1) either a cheap USB interface with ADAT and word clock to then connect a higher class converter (for example the Prism) to that interface, or
2) something like the RME that does the job on it's own, but maybe with even better converters - if something like that exists?

The UAD Apollo X Twin comes as an optional USB interface, however I'd need at least 4 ins - that's the only problem with that one, otherwise that would be a good solution.

Have you heard something about Focusrite Clarett+ ? It has different converters than the cheap Scarlett (I think Apogee converters, not sure?) - I wonder if that's on a league with the RME Fireface UC.

Also how about Audient? It's very very cheap, but also got the ADAT bridge and ppl claim that one to be the best out of all the cheap interfaces (including the SSL interface). Maybe that could be a good solution to use as my 'slave'. If I go for a cheap slave interface however, I'd like it at least to have conversion similar to the RME, because I won't be able to afford two interfaces right now.

Would be glad if anybody can help me out with this. Btw my budget is flexible and if we talk about high class converters, I'll always look for used models. Def can't pay 2,5k for a new Apollo X8 or a 3,5k Prism Titan.
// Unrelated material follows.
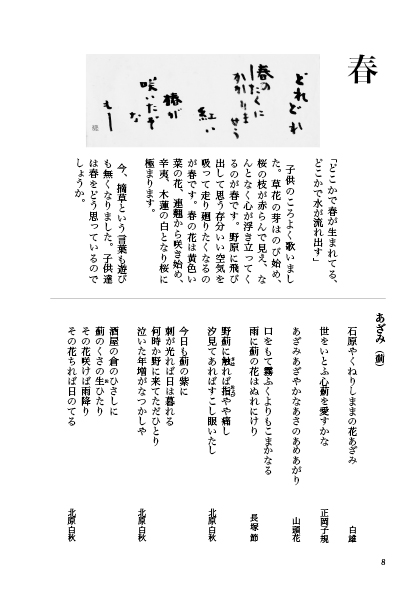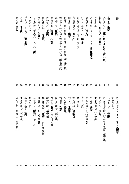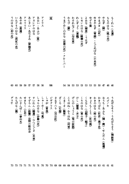 - 【春】あざみ/こぶし/さくら/つくし…ほか【夏】あじさい/あやめ/くちなし/なでしこ/ばら…ほか【秋】あかね/きく/コスモス/すすき/ふじばかま/ほととぎす…ほか【冬】カトレア/かんつばき/すいせん/なんてん/ふくじゅそう…ほか【花】

I'd go up to 1,5k on reverb for a used premium device and up to 800 bucks for a new one that's is one step below (I think the Foreface IC costs around 800).


----------



## curry36 (Nov 2, 2021)

Do you know if the converters of the RME ADI 2 Pro are playing in a different league than the Babyface/Fireface? Besides that I just saw that it only got 2 ins and outs. I think having only 2 ins is a big compromise for me. That's why I also didn't bother with the Apollo X Twin.

I got 3 friends who all swiched from Babyface/Fireface to Apollo X and/or to Prism Orpheus and they say that what they are monitoring is a totally different league. I'd like to aim for that particular league without ideally spending more than 1,5k - 2k.

I found some deals for a used Metric Halo 2882 3D between 900 and 1500 bucks. Anyone knows how that one compares to the midrange RME converters (Babyface/Fireface) and the high class Apollo X / Prism ones?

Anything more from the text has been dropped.